I haven’t left my son much in six years, which made heading out on my own for a weekend retreat at the Garrison Institute a surreal experience. I left him once overnight over three years ago. I didn’t enjoy being away from him. Something about it made me feel anxious and unresolved.
This time was different. The leaving was poignant and symbolic and everything I was ready for and that he was ready for. I reassured him that I would only be gone for two days. He asked, “what is longer mommy, two days or two weeks?” I said, oh sweetie, two weeks is much longer and he said, straight as an arrow, “well why don’t you go for two weeks then?”
It seems I had overstayed my welcome. This baby had turned into a little boy and he was ready for me to let go a little bit. It took a long time to get here. It took weekly sessions in therapy and it took energy that made the sleepless nights of his babyhood seem like a walk in the park. But mostly, it took divine intervention, in the form of a tiny, blonde clairvoyant medium named Anna Raimondi.
Last year, I went to Anna hoping that after almost ten years I could talk with my mother again. I needed her in a way that was uncharacteristic of me and our relationship when she was alive. True to form, she sensed my struggle as only a mother could, and was the first one to show up in the session. Things had become dark for me and although I was making progress in therapy, I was stuck. There was a cord of trauma that I could not cut without help from the other side. Anna began talking about my anger and my mother was worried that I was going to lose everything. I wasn’t even sure who was doing the talking, Anna or my mother, as the message for my spirit sounded as loving and urgent from each of them. I had some soul work to do.

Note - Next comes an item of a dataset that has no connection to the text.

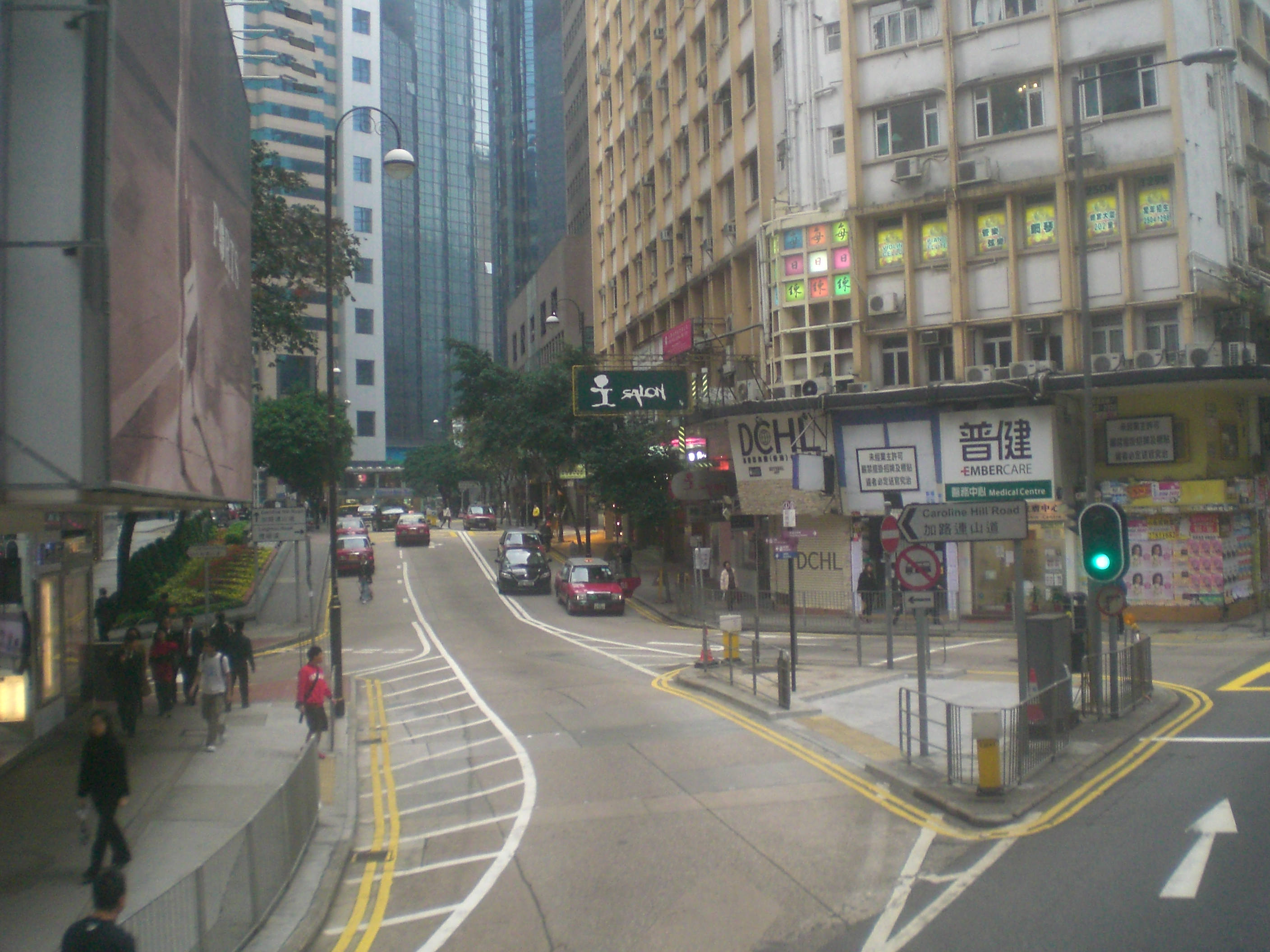 城巴10線外望: 禮頓道 & 希慎道交界處

I recorded that session and listened to it over and over again as my mother’s words touched deep wounds that had been slow to heal. Anna’s gift allowed me to sit at the kitchen table with my mother like I had so many times before, except from the other side, my mom was tougher with me than she ever was in life. I could tell that she wanted me to get it. She did not want me to be angry anymore. Not with with life or with God. That session changed my life and the healing, like poured honey, started to reach my husband and my child.
Seven months later as I prepared for my next session with Anna, I was stunned to listen to that recording and realize how far I had come. I was so much lighter. This second session was just as illuminating as the detail of Anna’s readings are so powerful. But I was no longer seated in despair. It was wonderful to hear from my parents, to be reminded again how close our loved ones are to us after they transition. But personally I felt more grounded in the living than I had in a long time.

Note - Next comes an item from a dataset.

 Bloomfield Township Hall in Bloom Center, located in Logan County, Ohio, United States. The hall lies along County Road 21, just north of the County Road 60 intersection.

What happened next was unexpected. Anna told me that a spot opened in her retreat for the coming weekend. I walked out of her door with the arsenal of thinly veiled excuses I’ve used over the years to not leave my son. She said very matter of fact, “if you want to go, it will work out.” She wasn’t entertaining my web of reasoning for a moment and just like that, I was suddenly empowered.
As I drove to the retreat I felt the burden lift from my son. It wasn’t always deliberate, but I was transferring my notion that the world was scary and unsafe and that he needed my protection. He will need my guidance, of course, but he will be seven years old soon and he also needs to take his place in the world. I know deeply that he has his own soul journey which is why I have worked so hard to not hold him hostage with my fear. I know that I can love him, pray night and day for his protection, but I birthed him into this life so that he can live it. It just never occurred to me that so many of the lessons would be for me! The truth is, if it worked I probably would do it. I would take that big soul-sucking job of worrying all the time. If it worked. But it doesn’t.
I drove in the car, windows down, open road, and said to myself out loud, it can be okay. Just as easily as it can not be okay. It can be okay. It was a big admission for me. Fear and worry allowed me a greater sense of control. But what if the pain of loss and the fear of abuse doesn’t control me for the rest of my life.
For me the healing was leaving the house with a happy heart and as a result I showed up to the retreat the woman I am now. A lot less fearful and a lot more free. Everything after that car ride was icing on the spiritual cake, and it was so sweet.
The entire weekend, I felt surrounded by my mother and father, my guides and angels and for the first time, Mother Mary. I walked the Labyrinth in that stunning garden and as I spiraled in to the center heard the most loving and reassuring voice. She said, “Trust cannot exist with despair.” It was the single most powerful thing I had heard and it struck my heart in the gentlest way. The way only a mother’s words can.